Gilead Announces Sustained Virologic Response Data for 12-Week Regimen of GS-7977 Plus Pegylated Interferon and Ribavirin in Genotype 1 Hepatitis C Patients

– ATOMIC Data Demonstrate High Cure Rates in Genotype 1 Patients With 12 Weeks of Treatment –

BARCELONA, Spain--(BUSINESS WIRE)--

Gilead Sciences, Inc. (Nasdaq:GILD - News) today announced interim data from a Phase 2 trial (ATOMIC) examining a 12-week course of treatment with the once-daily nucleotide GS-7977 plus pegylated interferon (Peg-IFN) and ribavirin (RBV) in treatment-naïve patients with genotype 1 chronic hepatitis C virus (HCV) infection. The study found that 90 percent of patients (n=47/52, missing data equals failure analysis) achieved a 12-week sustained virologic response (SVR12), defined as maintaining undetectable viral load (HCV RNA <25 IU/mL) 12 weeks after the completion of therapy. These findings will be presented today during an oral session at the 47th Annual Meeting of the European Association for the Study of the Liver (International Liver Congress 2012) in Barcelona, Spain.
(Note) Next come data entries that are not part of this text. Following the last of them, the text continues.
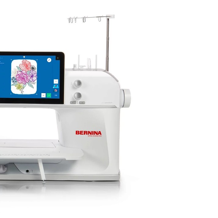 Машина оснащена увеличенным рабочим пространством до 356 мм справа от иглы, сканером позиционирования и встроенной камерой BERNINA Pinpoint для точного размещения рисунков.
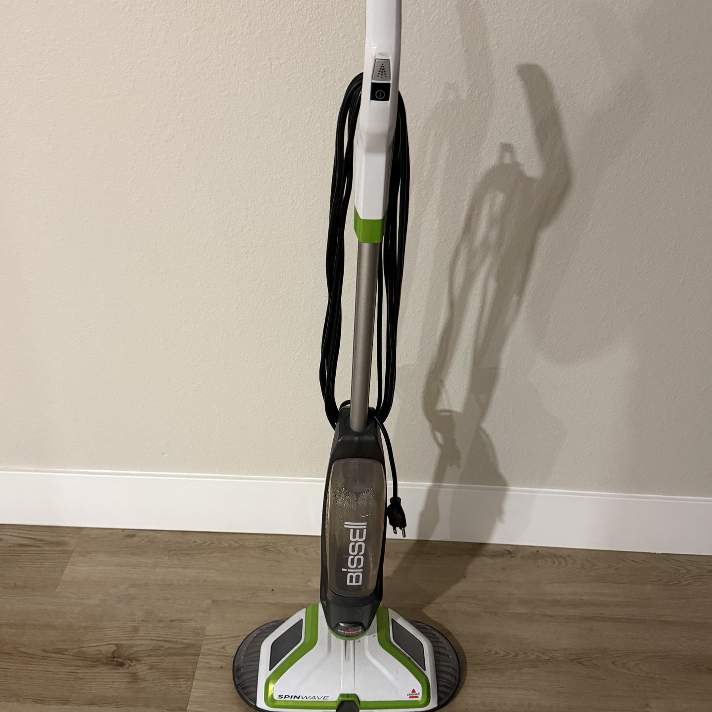 Brand: Bissell (SpinWave). • Type: Powered spin mop for sealed hard floors (tile, vinyl, wood). • Features: Dual rotating pads for effortless cleaning, on-demand spray trigger, and quiet operation. • Condition: Clean, looks great, and works perfectly. • Includes: Power cord and water tank.
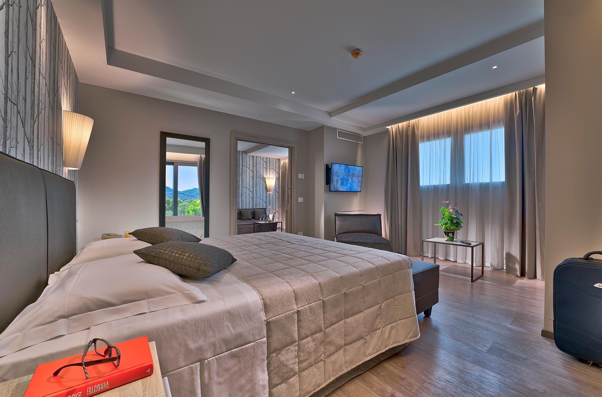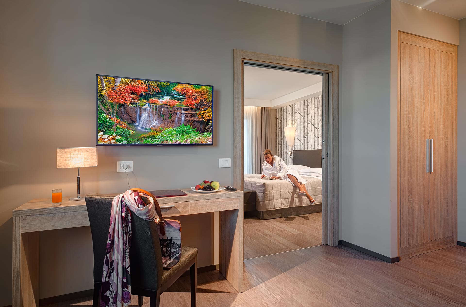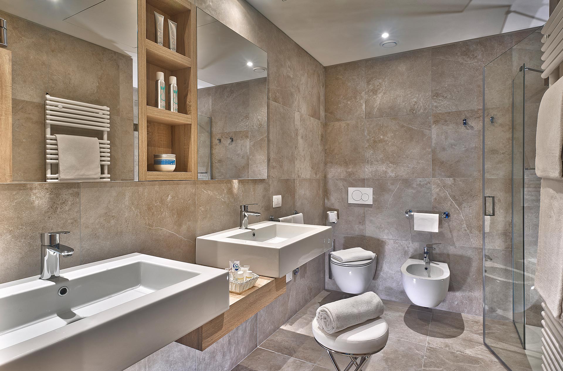 Located above indoor pool; design furniture, double bed or 2 single beds, living corner with comfortable armchair, furnished terrace, 42’ LED flat TV, bathroom with large shower and make-up mirror. Direct access to the indoor swimming pool from the floor, with lift. Perfect solution as Family Room.
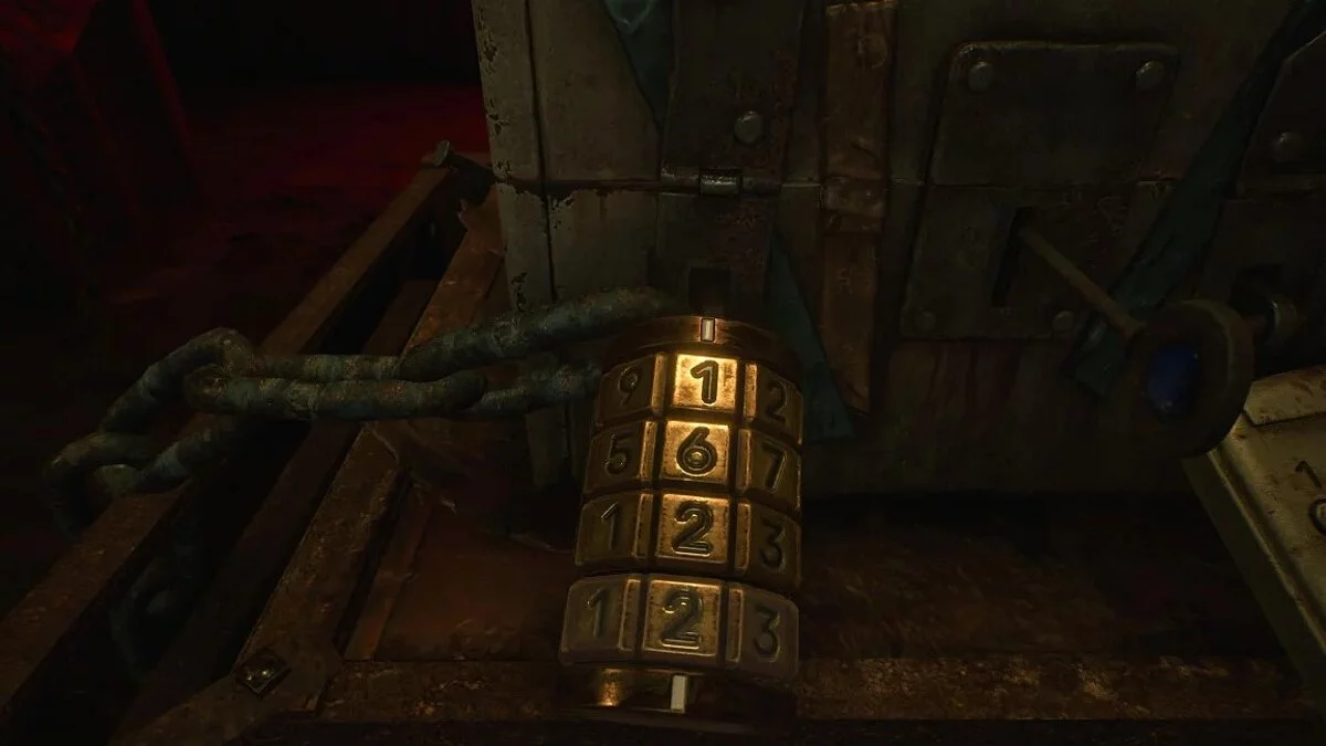 На втором этаже, рядом с местом для медсестер вы найдете ящик на цепях. Он заперт на кодовый замок, цифровую панель и ключ. Вам нужно собрать все элементы решения головоломки, что пройти дальше по сюжету.
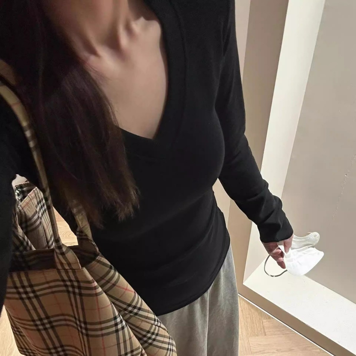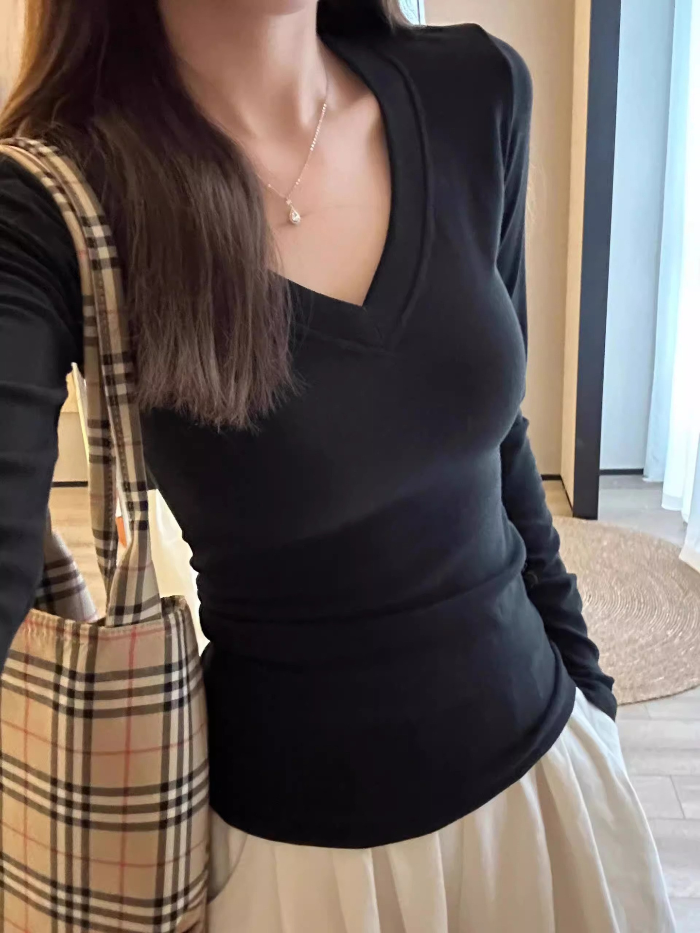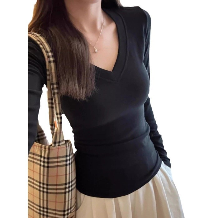 Футболка De Rong с V-образным вырезом и длинными рукавами для женщин, осенне-зимний базовый слой, облегающий крой, на флисовой подкладке, утепленный топ для сохранения тепла.
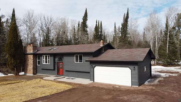 This newly remodeled split-entry home sits on 9.5 beautiful acres and offers high-quality materials and thoughtful updates throughout, all within convenient commuting distance to the Twin Ports. The main floor features a beautiful kitchen with abundant cabinetry, a dining area, a spacious sunken living room, two bedrooms, and a full bath. The lower level provides easy access from the attached two-car garage and includes a large rec room, a cozy sunken living room, a third bedroom, a second full bath, and plenty of storage space. With two fireplaces adding warmth and charm, along with a new well, access to Morris Creek, and a nice deck perfect for relaxing or entertaining. This move-in-ready home combines comfort, space, and peaceful country living all within minutes of Duluth & Superior.
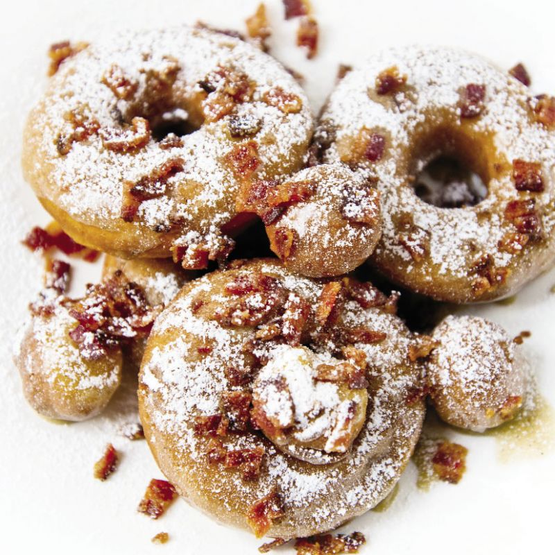 About a minute after the doughnuts have come out of the fryer, dip their top side in the glaze and sprinkle with candied bacon. Serve while still warm.
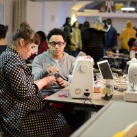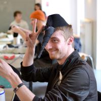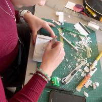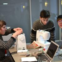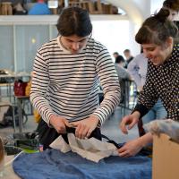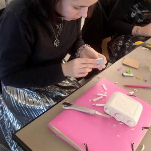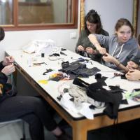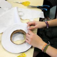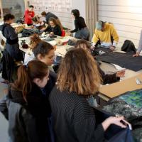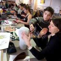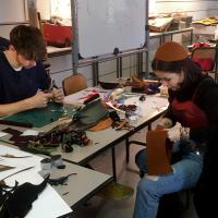 Marion Clément, styliste et modiste animait un atelier de 3 jours. Arrivant directement du défilé de Jean-Paul Gautier où elle présentait des créations, elle prenait en main les élèves pour les amener par le biais d'expériences à l'élaboration d'un bibi très personnel.
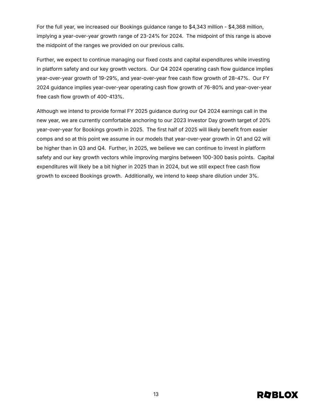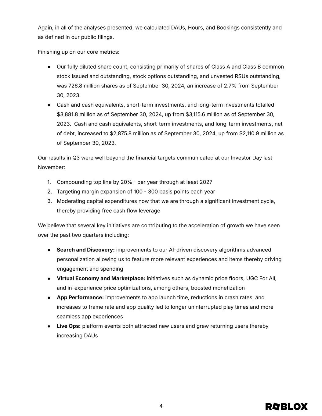 Again, in all of the analyses presented, we calculated DAUs, Hours, and Bookings consistently and as defined in our public filings. Finishing up on our core metrics: ● Our fully diluted share count, consisting primarily of shares of Class A and Class B common stock issued and outstanding, stock options outstanding, and unvested RSUs outstanding, was 726.8 million shares as of September 30, 2024, an increase of 2.7% from September 30, 2023. ● Cash and cash equivalents, short-term investments, and long-term investments totalled $3,881.8 million as of September 30, 2024, up from $3,115.6 million as of September 30, 2023. Cash and cash equivalents, short-term investments, and long-term investments, net of debt, increased to $2,875.8 million as of September 30, 2024, up from $2,110.9 million as of September 30, 2023. Our results in Q3 were well beyond the financial targets communicated at our Investor Day last November: 1. Compounding top line by 20% per year through at least 2027 2. Targeting margin expansion of 100 - 300 basis points each year 3. Moderating capital expenditures now that we are through a significant investment cycle, thereby providing free cash flow leverage We believe that several key initiatives are contributing to the acceleration of growth we have seen over the past two quarters including: ● Search and Discovery: improvements to our AI-driven discovery algorithms advanced personalization allowing us to feature more relevant experiences and items thereby driving engagement and spending ● Virtual Economy and Marketplace: initiatives such as dynamic price floors, UGC For All, and in-experience price optimizations, among others, boosted monetization ● App Performance: improvements to app launch time, reductions in crash rates, and increases to frame rate and app quality led to longer uninterrupted play times and more seamless app experiences ● Live Ops: platform events both attracted new users and grew returning users thereby increasing DAUs 4
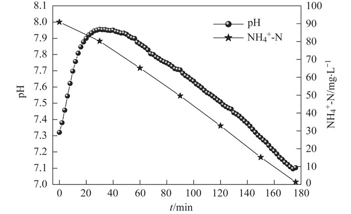 本試驗(yàn)在短程硝化運(yùn)行穩(wěn)定階段, 在常溫和取消對(duì)pH限制的條件下, pH和NH4+-N隨曝氣時(shí)間變化的典型周期見圖 6.從中可見, 在176 min的曝氣過程中, pH的變化范圍是7.1~8.0.按照上述觀點(diǎn), 這一pH范圍均適宜AOB生長(zhǎng).
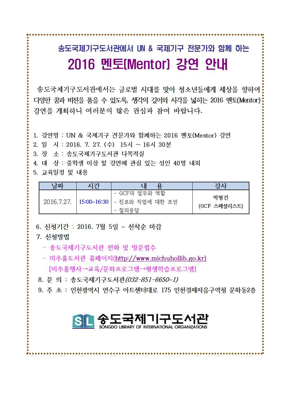 송도국제기구도서관에서는 글로벌 시대를 맞아 청소년들에게 세상을 향하여 다양한 꿈과 비전을 품을 수 있도록, 생각의 깊이와 시각을 넓히는 2016 멘토(Mentor) 강연을 개최하니 여러분의 많은 관심과 참여 바랍니다.
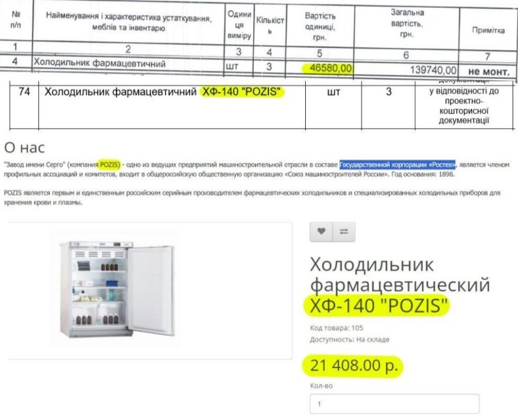 Холодильники ХФ-140, вартість яких оцінюється у 21,5 тис. рублів (7,7 тис. грн), передбачено придбати за 46,6 тис. грн. Це у шість разів дорожче, що означає переплату понад 100 тис. грн лише на одній позиції обладнання.
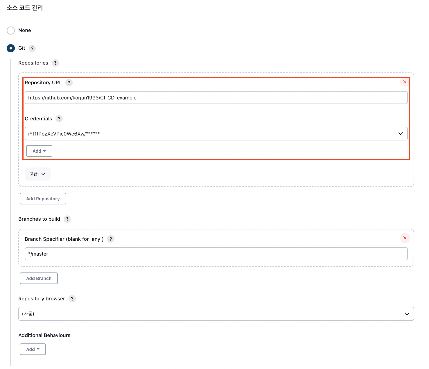 3-2. 소스 코드 관리를 None → Git 으로 변경해주고, 세부 내용을 입력해줍니다.
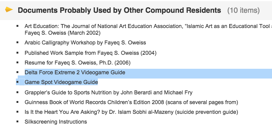 Other documents in the Osama Bin Laden compound? Delta Force Extreme 2 Videogame Guide and a suicide prevention guidepic.twitter.com/BiCL1pEhBT
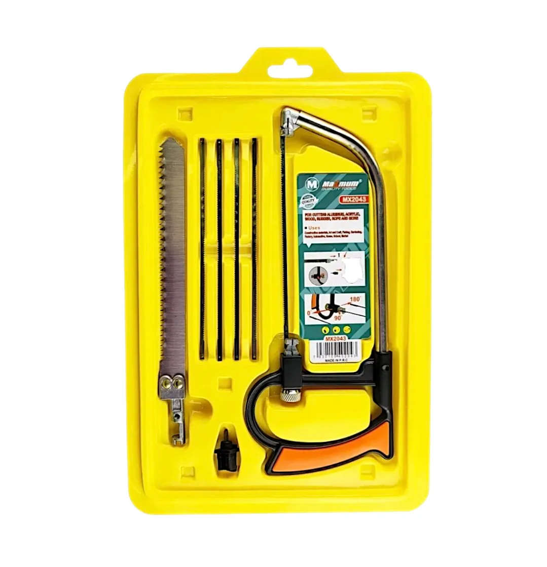 Многофункциональная пила 250 мм поставляется в комплекте с 6 сменными лезвиями, которые применяются для резки заготовок из дерева, пластика и мягких металлов. Может быть использована как пила, ножовка и лобзик при установке соответствующих насадок. Металлический корпус ножовки 250 мм дополнен пластиковой рукояткой, которая не скользит и удобно лежит в руке. Благодаря продуманной конструкции лезвия легко и быстро меняются.
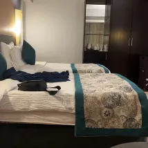 Остановившись возле площади Тахрир в Каире, я отправился отдохнуть в отель недалеко от аэропорта. Было слишком холодно, чтобы заходить в бассейн, а спа, сауна, массаж и т. д. в настоящее время не работали. Завтрак утром был съедобным, но у меня было расстройство желудка, и я едва мог его съесть. В номере не хватало полотенец.
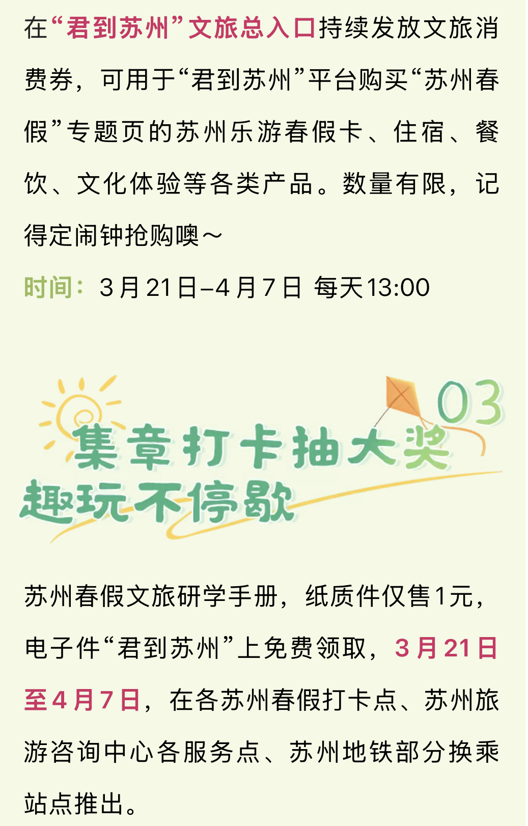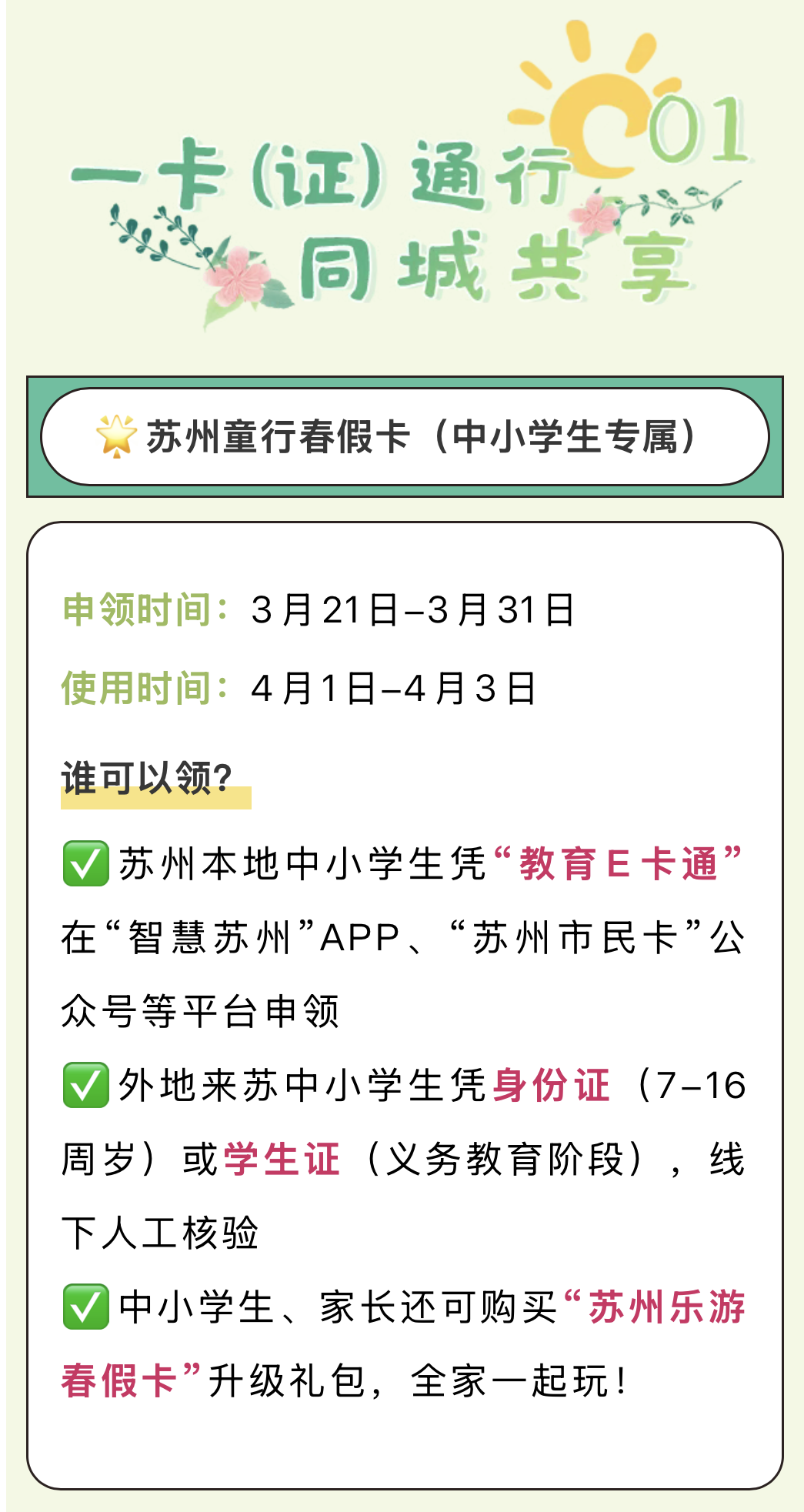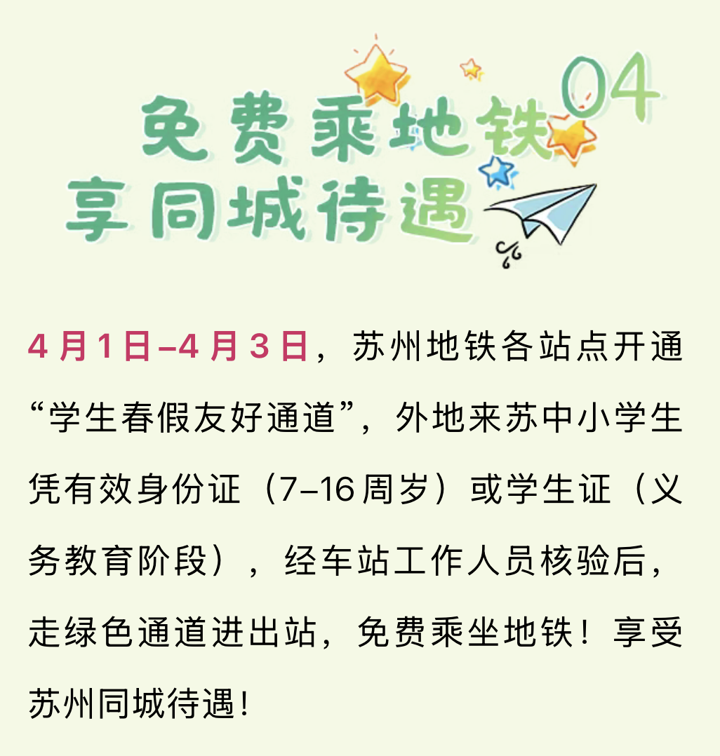 苏州给全国中小学生准备了“超大份”文旅礼包。苏州春假一卡通行、文旅专属消费券、免费乘地铁、免费坐游船……还有超多好玩的研学体验活动、集章打卡抽大奖、一日托管服务,就等你来“探寻一春江南”。
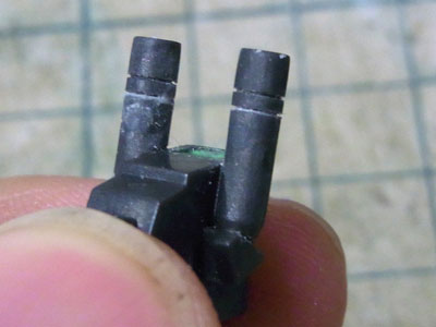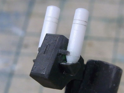 首元と胸部先端に付くセンサー的な何か。 左肩口の汚染計測器と同じようなものなのかな? 先端を2mmピアノ線に交換しました。 エッチングノコで切り込みを入れて、ナイフ・ライナーチズルで溝を掘って埋め込みました。 |

“These data suggest that this GS-7977-based regimen could offer most patients with genotype 1 a simple, short, three-month course of treatment with very high cure rates,” said Kris Kowdley, MD, Director of the Liver Center of Excellence at the Virginia Mason Medical Center in Seattle and the study’s principal investigator. “An all-oral regimen for HCV remains the ultimate treatment goal. In the interim, these results suggest that we may soon be able to end the complex process of response-guided HCV therapy and shorten the duration of treatment, which would be a significant advance for patients and for physicians who manage their care.”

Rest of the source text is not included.